Higgins et al.⁴ described that severe hyponatremia (<120 mEq/L) was more commonly observed with tacrolimus compared to cyclosporine; however, their patients were largely asymptomatic. Additionally, no patient had hyponatremia severe enough to cause seizures. In their study, they noted that serum potassium levels were higher in tacrolimus-treated patients. Our case had associated mild hypokalemia and NAGMA, suggesting a coexistent distal renal tubular acidosis.

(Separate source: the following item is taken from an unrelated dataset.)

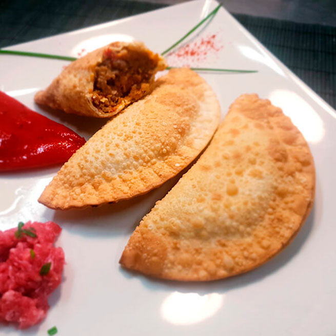 Descripción: Empanadilla artesana carne picante efecto Gourmet. Relleno elaborado a base de carne de ternera nacional, cerdo, cebolla y pimiento del piquillo con una reducción de vino blanco. Ideal para tapas o plato.
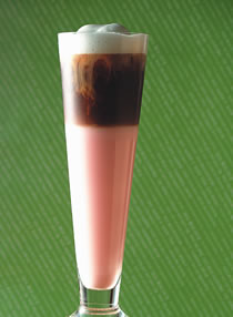 3.缓缓将义式浓缩咖啡倒入作法2杯中,作出分层效果即可。

Different strategies have been adopted by physicians to manage chronic hyponatremia in the posttransplant scenario. Fludrocortisone acts by overcoming aldosterone resistance. Higgins et al.⁴ found that fludrocortisone treatment was well tolerated and not associated with fluid overload or severe hypertension. Bagchi et al.⁵ reported a case of hyponatremia 2 weeks after transplant, which was managed with sodium bicarbonate and fludrocortisone. Sayin⁶ managed a patient of tacrolimus-induced hyponatremia in a living donor kidney recipient by conversion to everolimus. However, Çağlayan et al.⁷ showed no improvement in hyponatremia after tacrolimus conversion to everolimus and managed their patient successfully with fludrocortisone.

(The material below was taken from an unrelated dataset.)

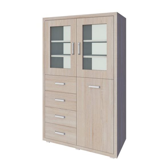 Regál ze systému Margaret se 3 dvířky a 4 šuplíky šířka 100 cm výška 160 cm hloubka 41 cm
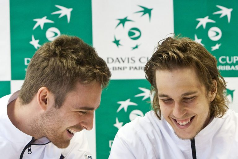 Zľava: Slovenskí tenisti Norbert Gombos a Lukáš Lacko počas TB k žrebu stretnutia 2. kola I. skupiny euroafrickej zóny Davisovho pohára Slovensko - Rakúsko. Bratislava, 3. apríl 2014. Foto: SITA/Gabriel Kuchta

There are case reports of tacrolimus-induced hyponatremia being manged by conversion to cyclosporine with variable success in other solid organ transplants. Azuma et al.⁸ reported a case of hyponatremia in a bone marrow transplant recipient receiving tacrolimus for acute graft versus host disease (GVHD). Tacrolimus was stopped, and serum sodium concentration normalized in the next 7 days. Cyclosporine used in this patient for acute GVHD did not result in recurrence of hyponatremia, suggesting that it is not a class effect. Banks et al.⁹ reported five patients of hyponatremia among lung transplant recipients. Hyponatremia persisted in these patients despite fludrocortisone therapy. Hyponatremia resolved in three patients and significantly improved in two patients after they were switched from a tacrolimus-based to cyclosporine-based immunosuppressive regimen.

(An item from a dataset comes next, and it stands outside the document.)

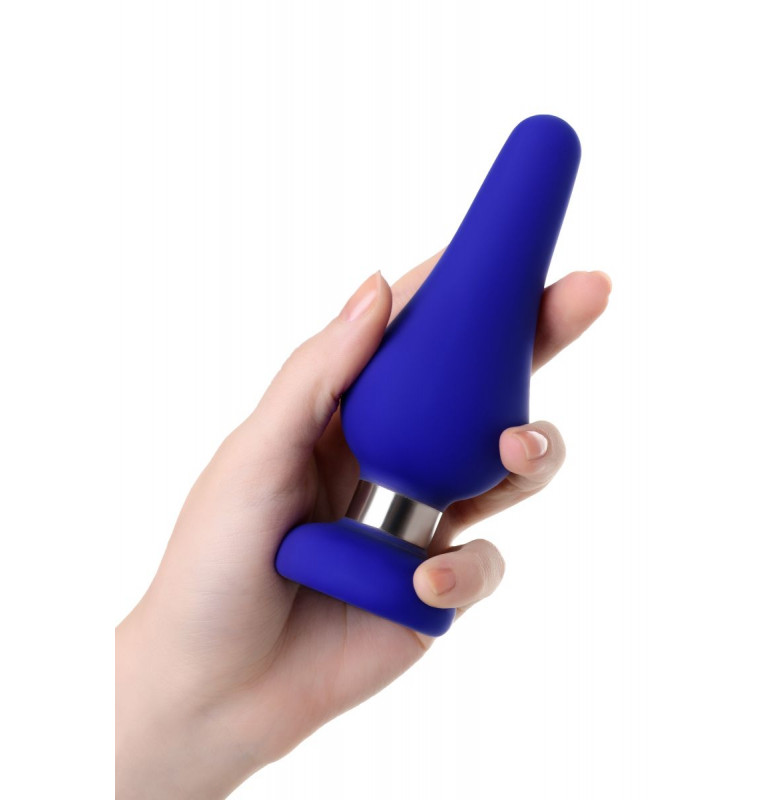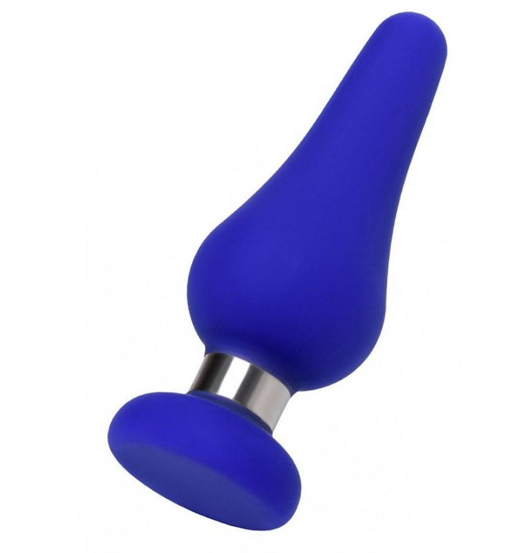 Синяя силиконовая анальная втулка с ограничителем - 13 см.

In our case, even after reduction of tacrolimus dose and optimizing tacrolimus levels, persistent salt losing resulted in severe symptomatic hyponatremia. This suggests tubular dysfunction persists despite normalization of tacrolimus levels. As in the above case reports, our patient also responded to fludrocortisone and salt supplementation.

Conclusion

We would like to highlight this uncommon side effect of tacrolimus that resulted in salt-losing nephropathy and hyponatremia-related seizures. In posttransplant patients, hyponatremia with no clear antecedent cause should raise the possibility of tacrolimus as the putative agent.